TASK INSTRUCTIONS:
In the listing below, locate the line with "모집 수수료는 분할지급" and the line with "Messermitnehmer oben Für", then output both and everything between them exactly, minus any pictures.

AVAILABLE DATA:
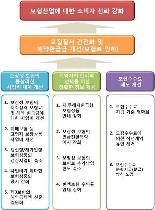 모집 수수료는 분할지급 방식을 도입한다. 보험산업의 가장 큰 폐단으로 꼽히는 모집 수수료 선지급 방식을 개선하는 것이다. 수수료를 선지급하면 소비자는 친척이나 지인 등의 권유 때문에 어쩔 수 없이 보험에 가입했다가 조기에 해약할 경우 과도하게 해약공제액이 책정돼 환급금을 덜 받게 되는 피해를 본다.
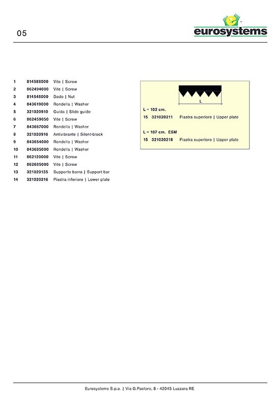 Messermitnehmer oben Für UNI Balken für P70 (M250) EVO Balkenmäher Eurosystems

==

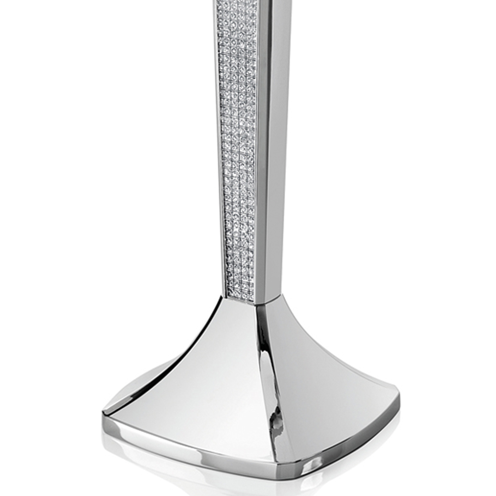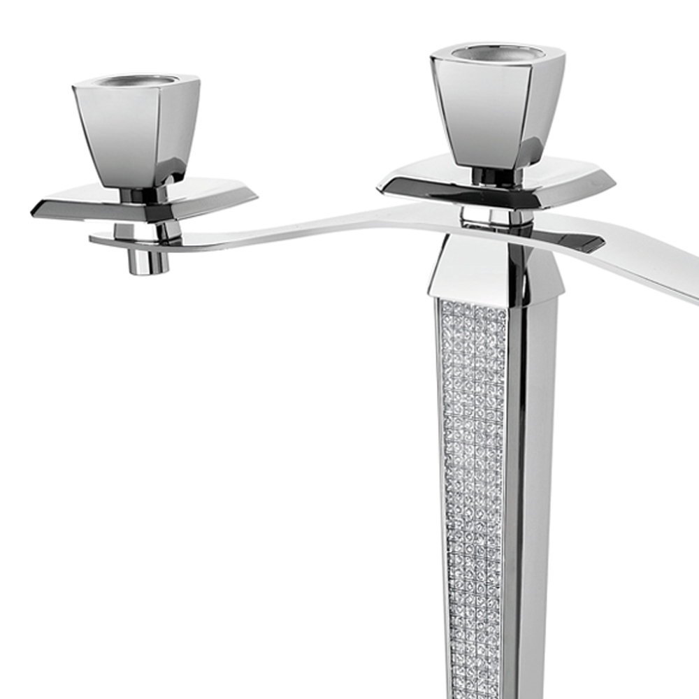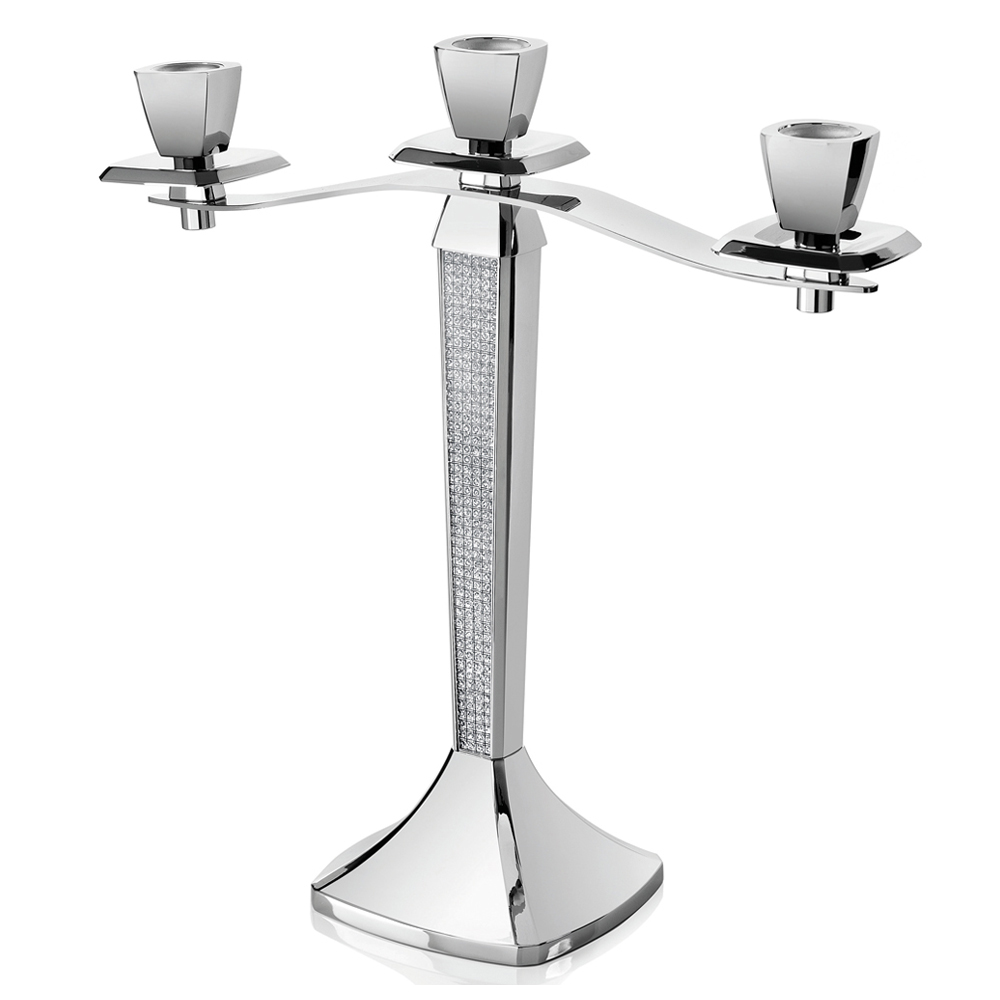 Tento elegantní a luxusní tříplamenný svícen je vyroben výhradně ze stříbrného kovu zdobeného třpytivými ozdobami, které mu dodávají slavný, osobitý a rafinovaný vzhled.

==

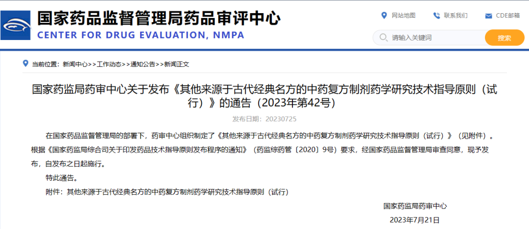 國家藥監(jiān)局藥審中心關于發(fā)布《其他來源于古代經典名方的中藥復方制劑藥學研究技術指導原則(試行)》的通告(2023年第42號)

RESULT FOR THIS TASK:
 모집 수수료는 분할지급 방식을 도입한다. 보험산업의 가장 큰 폐단으로 꼽히는 모집 수수료 선지급 방식을 개선하는 것이다. 수수료를 선지급하면 소비자는 친척이나 지인 등의 권유 때문에 어쩔 수 없이 보험에 가입했다가 조기에 해약할 경우 과도하게 해약공제액이 책정돼 환급금을 덜 받게 되는 피해를 본다.
 Messermitnehmer oben Für UNI Balken für P70 (M250) EVO Balkenmäher Eurosystems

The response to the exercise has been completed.